> TASK DESCRIPTION
Pictures excluded, retype the lines from the one containing "体育館で行ったのは4秒間走、グラウンドで行うのは2倍の8秒間走です。" through the last line of the data below, both included.

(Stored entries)
►

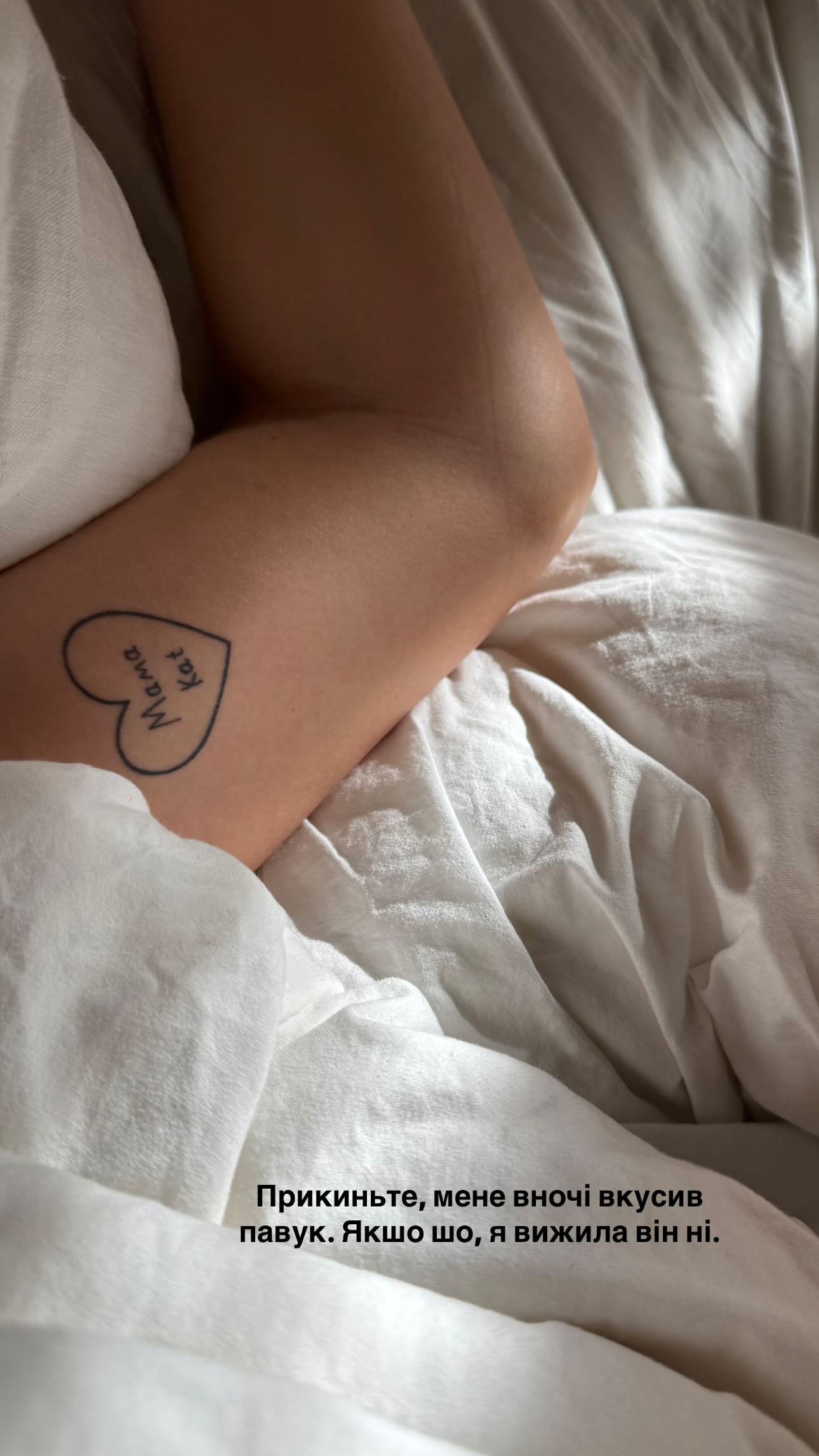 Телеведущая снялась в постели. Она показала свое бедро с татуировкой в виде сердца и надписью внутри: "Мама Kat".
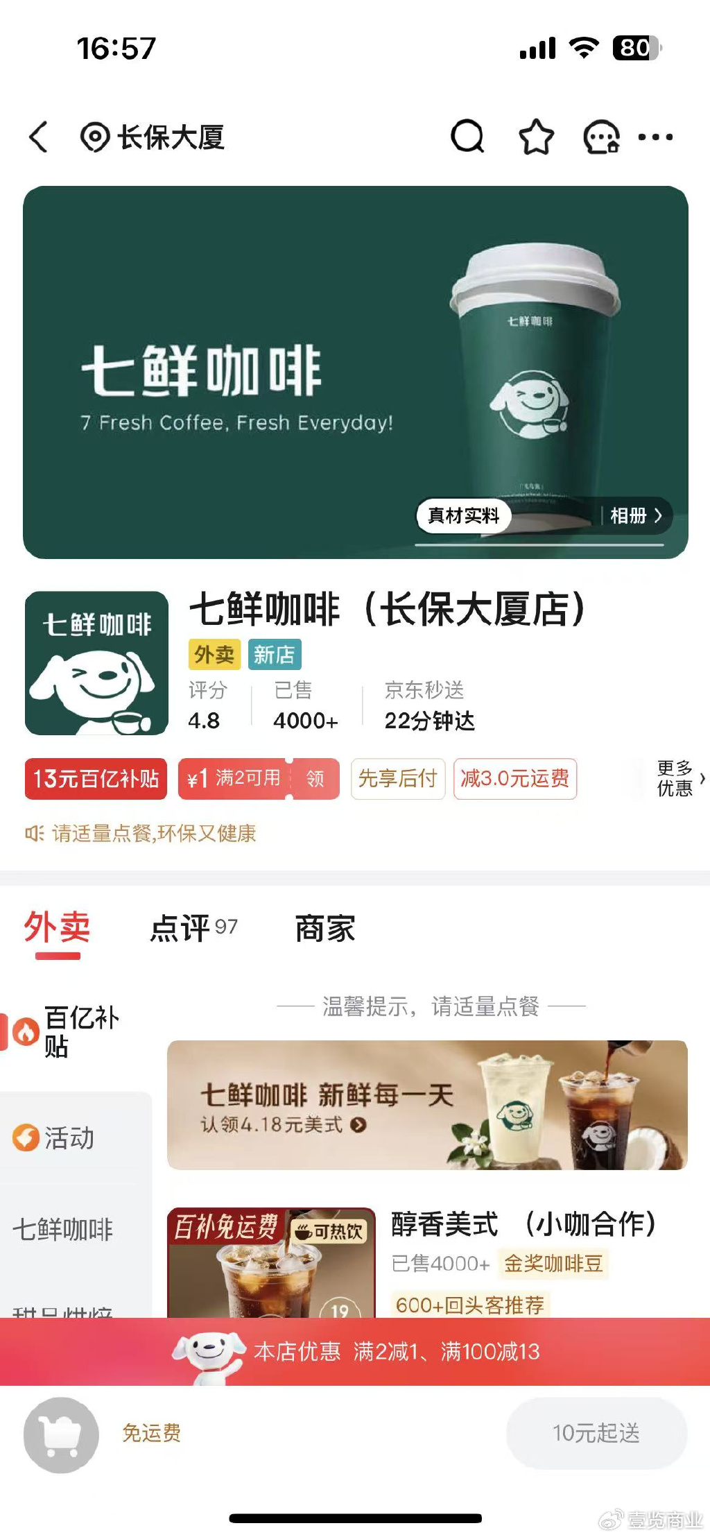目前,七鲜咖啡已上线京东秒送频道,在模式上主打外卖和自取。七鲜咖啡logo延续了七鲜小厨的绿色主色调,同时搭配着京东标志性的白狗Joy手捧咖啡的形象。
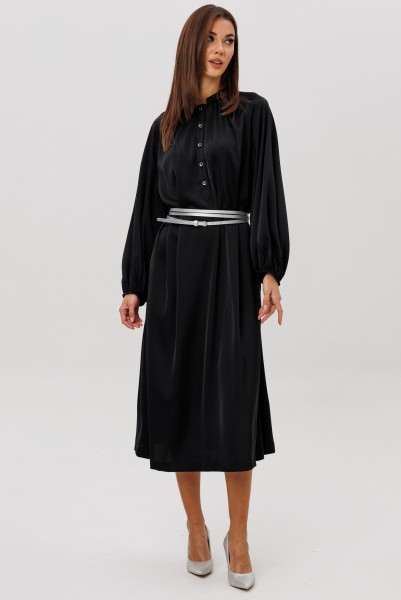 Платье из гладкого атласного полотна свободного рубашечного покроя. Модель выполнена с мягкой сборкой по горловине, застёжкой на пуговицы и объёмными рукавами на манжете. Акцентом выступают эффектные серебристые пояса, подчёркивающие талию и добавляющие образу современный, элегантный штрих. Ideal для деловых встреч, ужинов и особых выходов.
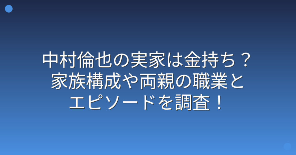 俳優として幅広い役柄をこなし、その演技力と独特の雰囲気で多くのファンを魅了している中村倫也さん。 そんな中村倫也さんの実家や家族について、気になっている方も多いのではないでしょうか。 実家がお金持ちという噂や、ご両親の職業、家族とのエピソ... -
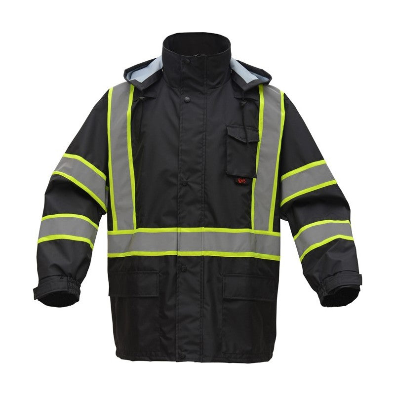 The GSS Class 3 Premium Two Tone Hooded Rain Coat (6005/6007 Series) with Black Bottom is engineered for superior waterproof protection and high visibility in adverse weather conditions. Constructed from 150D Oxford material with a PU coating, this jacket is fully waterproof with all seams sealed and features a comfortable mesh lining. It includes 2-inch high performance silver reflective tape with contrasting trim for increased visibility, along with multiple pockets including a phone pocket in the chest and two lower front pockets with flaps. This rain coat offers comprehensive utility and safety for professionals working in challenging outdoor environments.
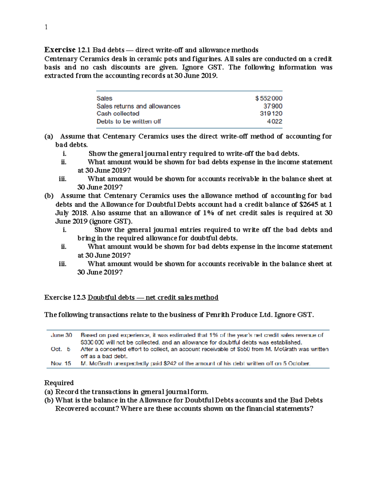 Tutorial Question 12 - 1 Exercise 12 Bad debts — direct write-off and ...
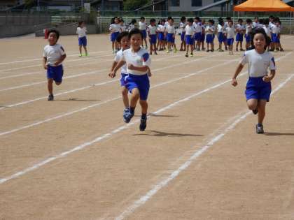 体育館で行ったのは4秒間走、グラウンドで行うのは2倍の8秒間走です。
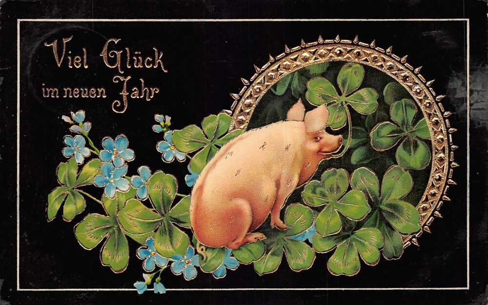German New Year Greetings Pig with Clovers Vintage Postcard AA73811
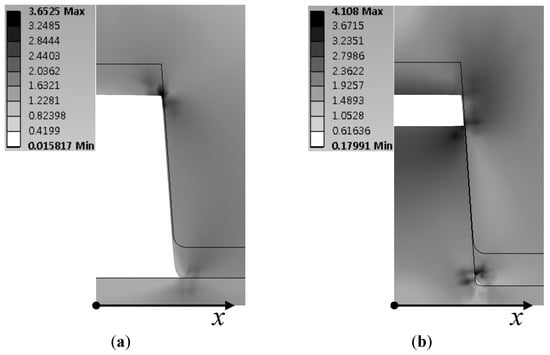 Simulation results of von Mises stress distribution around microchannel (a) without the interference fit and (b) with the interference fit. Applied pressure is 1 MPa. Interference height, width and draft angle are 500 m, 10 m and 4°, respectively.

◄

> OUTPUT BELOW
 体育館で行ったのは4秒間走、グラウンドで行うのは2倍の8秒間走です。
German New Year Greetings Pig with Clovers Vintage Postcard AA73811
 Simulation results of von Mises stress distribution around microchannel (a) without the interference fit and (b) with the interference fit. Applied pressure is 1 MPa. Interference height, width and draft angle are 500 m, 10 m and 4°, respectively.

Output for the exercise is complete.